What is expected
Reproduce the lines of the listing exactly, beginning at the top, until the line with "CIELab 40.758,-35.2,43.79 Color" has been reproduced too.
★ ★ ★
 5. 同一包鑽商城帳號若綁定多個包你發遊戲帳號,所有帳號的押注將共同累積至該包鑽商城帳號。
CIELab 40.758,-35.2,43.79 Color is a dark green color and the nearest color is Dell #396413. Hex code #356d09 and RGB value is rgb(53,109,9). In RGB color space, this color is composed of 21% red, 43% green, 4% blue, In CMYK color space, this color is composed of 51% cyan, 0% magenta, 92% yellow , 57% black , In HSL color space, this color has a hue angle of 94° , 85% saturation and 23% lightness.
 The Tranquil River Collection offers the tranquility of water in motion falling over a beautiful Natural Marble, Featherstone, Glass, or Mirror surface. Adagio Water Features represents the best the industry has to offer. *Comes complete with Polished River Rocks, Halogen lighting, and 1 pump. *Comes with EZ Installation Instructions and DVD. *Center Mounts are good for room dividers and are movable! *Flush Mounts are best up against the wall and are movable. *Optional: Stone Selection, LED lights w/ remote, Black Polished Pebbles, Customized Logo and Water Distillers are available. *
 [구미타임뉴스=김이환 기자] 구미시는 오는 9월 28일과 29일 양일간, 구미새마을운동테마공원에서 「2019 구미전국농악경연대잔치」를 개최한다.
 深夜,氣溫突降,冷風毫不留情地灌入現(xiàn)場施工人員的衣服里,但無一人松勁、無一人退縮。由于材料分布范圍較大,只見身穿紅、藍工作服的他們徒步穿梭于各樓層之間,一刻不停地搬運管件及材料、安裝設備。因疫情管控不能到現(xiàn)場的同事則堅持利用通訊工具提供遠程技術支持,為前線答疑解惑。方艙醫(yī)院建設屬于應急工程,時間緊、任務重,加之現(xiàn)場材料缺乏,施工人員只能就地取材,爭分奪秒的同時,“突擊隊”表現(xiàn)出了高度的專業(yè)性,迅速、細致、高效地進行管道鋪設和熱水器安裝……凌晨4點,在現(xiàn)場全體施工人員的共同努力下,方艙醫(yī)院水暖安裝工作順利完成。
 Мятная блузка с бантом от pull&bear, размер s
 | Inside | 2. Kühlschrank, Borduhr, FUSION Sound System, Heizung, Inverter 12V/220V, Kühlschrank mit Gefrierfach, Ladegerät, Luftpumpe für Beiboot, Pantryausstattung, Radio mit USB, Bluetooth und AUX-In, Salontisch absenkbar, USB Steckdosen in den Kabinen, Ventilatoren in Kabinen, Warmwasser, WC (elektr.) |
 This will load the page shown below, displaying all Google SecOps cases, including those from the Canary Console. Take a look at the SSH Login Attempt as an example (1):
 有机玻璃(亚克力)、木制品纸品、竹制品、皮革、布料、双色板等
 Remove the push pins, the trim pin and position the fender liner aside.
★ ★ ★
Task result
 5. 同一包鑽商城帳號若綁定多個包你發遊戲帳號,所有帳號的押注將共同累積至該包鑽商城帳號。
CIELab 40.758,-35.2,43.79 Color is a dark green color and the nearest color is Dell #396413. Hex code #356d09 and RGB value is rgb(53,109,9). In RGB color space, this color is composed of 21% red, 43% green, 4% blue, In CMYK color space, this color is composed of 51% cyan, 0% magenta, 92% yellow , 57% black , In HSL color space, this color has a hue angle of 94° , 85% saturation and 23% lightness.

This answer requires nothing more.